Records from a collection

Content starts

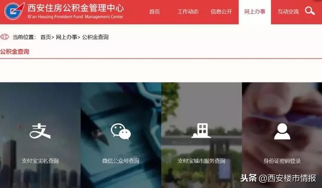 登录西安住房公积金管理中心官网(网址:http://zfgjj.xa.gov.cn/index.htm),进入“首页—点击公积金查询”可以看到支付宝、微信公众号、支付宝城市服务、身份证密码登录这四种方式来查询自己缴纳的公积金余额。
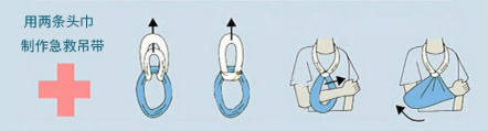 ② 手臂吊带:骨折、脱臼时,做成悬挂吊带,固定伤肢防二次伤害;
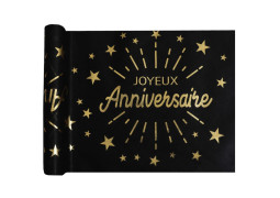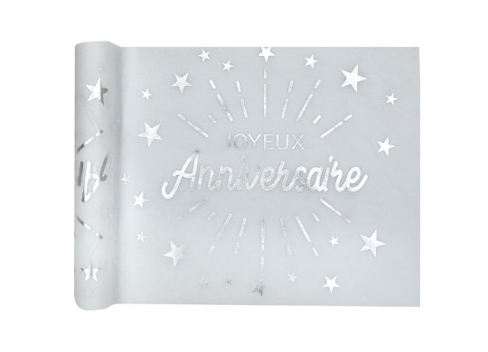 Chemin de table « Joyeux Anniversaire » étincelant 30 cm x 5 m, disponible en argent, or ou rose gold.
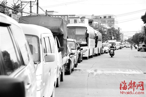 昨日下午4时许,记者前往螺洲镇,一下三环路,车辆就只能缓慢通行。该路段只有两个车道,杜园村地块往三环方向已经开修,来往车辆只能在三环往螺洲镇方向的一个车道上行驶。一个方向的车辆行驶时,对向行驶的车辆就只能停在路边等候,通往三环的车辆已经排起了长龙。车主庄先生告诉记者,这是螺洲镇通往三环的唯一通道,每次路过这里都要等,最长还等过一个多小时。
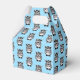 Party favour box shown in light blue in a gable style with a cute cartoon zebra.
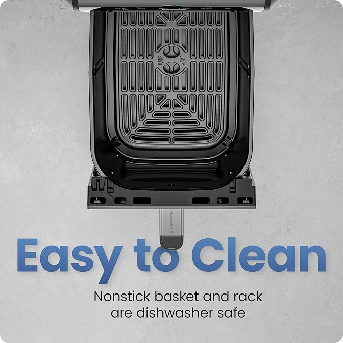 - EFFORTLESS CLEANUP: The nonstick air fryer basket makes serving and cleanup a breeze. The removable wire rack is dishwasher safe, and the basket itself wipes clean in seconds.
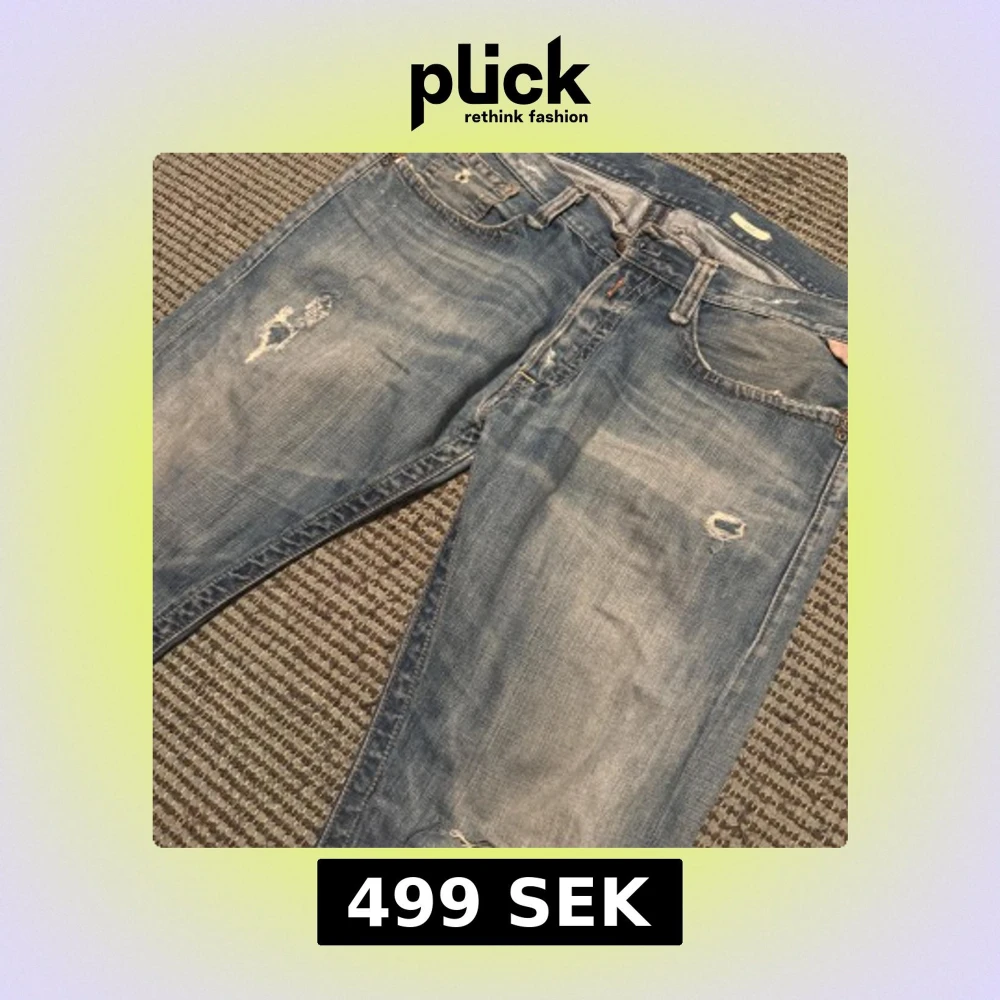 As feta jeans ifrån Replay, modellen heter Doc och är en sällsynt modell, har inte sett några andra jeans i denna modell varken här eller på vinted. W36 L36! På bild 3 så kan du se att de är ihop sydda pga tidigare hål. Har ni några frågor är det bara att skicka ett PM! Priset är ej hugget i sten, men skicka inga lowball offers😁😁
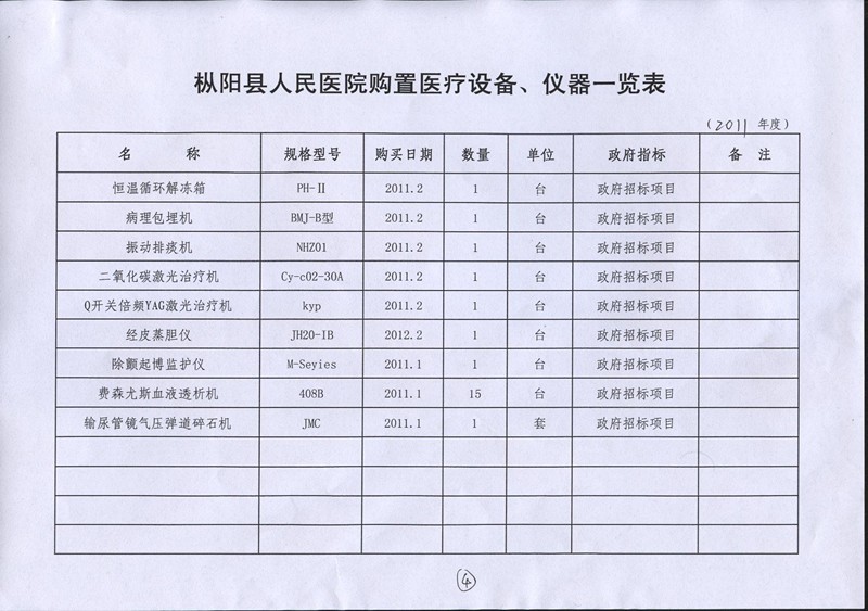 枞阳县医院2011年度购置医疗设备、仪器一览表:
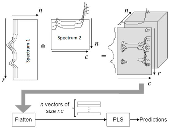 Therefore, includes the cross-correlation values between each sample of and all samples of . Considering the spectra of a soil sample as vectors, the cross-correlation may be advantageous in analysis. In outer product analysis (OPA), the OP matrix is flattened by putting the rows of the matrix along each other. Then, an appropriate modeling method, such as PLS, is used for prediction, as shown in Figure 2 [25].
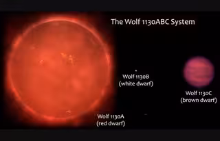 En el sistema estelar Wolf 1130ABC, ubicado a 54 años luz del Sol en la constelación del Cisne, la enana marrón Wolf 1130C describe una órbita amplia alrededor de un sistema estelar doble compacto, compuesto por una estrella roja fría (Wolf 1130A) y una enana blanca masiva (Wolf 1130B).
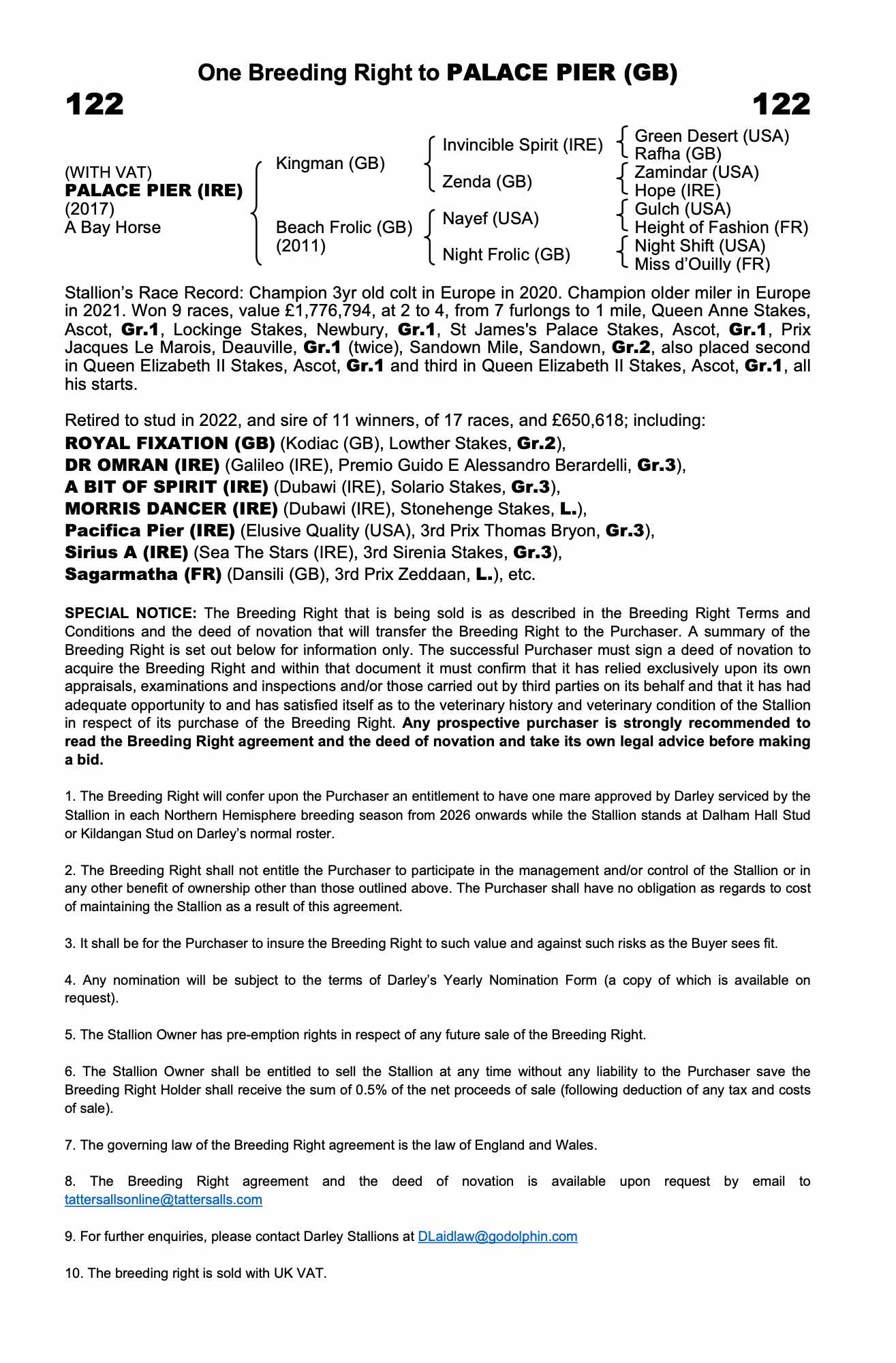 Vendor's Notes: The Breeding Right agreement and the deed of novation is available upon request by email to tattersallsonline@tattersalls.com.

Content ends

Exercise requirements
Your copy should match every entry above exactly and contain no pictures.

Result of the exercise
 登录西安住房公积金管理中心官网(网址:http://zfgjj.xa.gov.cn/index.htm),进入“首页—点击公积金查询”可以看到支付宝、微信公众号、支付宝城市服务、身份证密码登录这四种方式来查询自己缴纳的公积金余额。
 ② 手臂吊带:骨折、脱臼时,做成悬挂吊带,固定伤肢防二次伤害;
 Chemin de table « Joyeux Anniversaire » étincelant 30 cm x 5 m, disponible en argent, or ou rose gold.
 昨日下午4时许,记者前往螺洲镇,一下三环路,车辆就只能缓慢通行。该路段只有两个车道,杜园村地块往三环方向已经开修,来往车辆只能在三环往螺洲镇方向的一个车道上行驶。一个方向的车辆行驶时,对向行驶的车辆就只能停在路边等候,通往三环的车辆已经排起了长龙。车主庄先生告诉记者,这是螺洲镇通往三环的唯一通道,每次路过这里都要等,最长还等过一个多小时。
 Party favour box shown in light blue in a gable style with a cute cartoon zebra.
 - EFFORTLESS CLEANUP: The nonstick air fryer basket makes serving and cleanup a breeze. The removable wire rack is dishwasher safe, and the basket itself wipes clean in seconds.
 As feta jeans ifrån Replay, modellen heter Doc och är en sällsynt modell, har inte sett några andra jeans i denna modell varken här eller på vinted. W36 L36! På bild 3 så kan du se att de är ihop sydda pga tidigare hål. Har ni några frågor är det bara att skicka ett PM! Priset är ej hugget i sten, men skicka inga lowball offers😁😁
 枞阳县医院2011年度购置医疗设备、仪器一览表:
 Therefore, includes the cross-correlation values between each sample of and all samples of . Considering the spectra of a soil sample as vectors, the cross-correlation may be advantageous in analysis. In outer product analysis (OPA), the OP matrix is flattened by putting the rows of the matrix along each other. Then, an appropriate modeling method, such as PLS, is used for prediction, as shown in Figure 2 [25].
 En el sistema estelar Wolf 1130ABC, ubicado a 54 años luz del Sol en la constelación del Cisne, la enana marrón Wolf 1130C describe una órbita amplia alrededor de un sistema estelar doble compacto, compuesto por una estrella roja fría (Wolf 1130A) y una enana blanca masiva (Wolf 1130B).
 Vendor's Notes: The Breeding Right agreement and the deed of novation is available upon request by email to tattersallsonline@tattersalls.com.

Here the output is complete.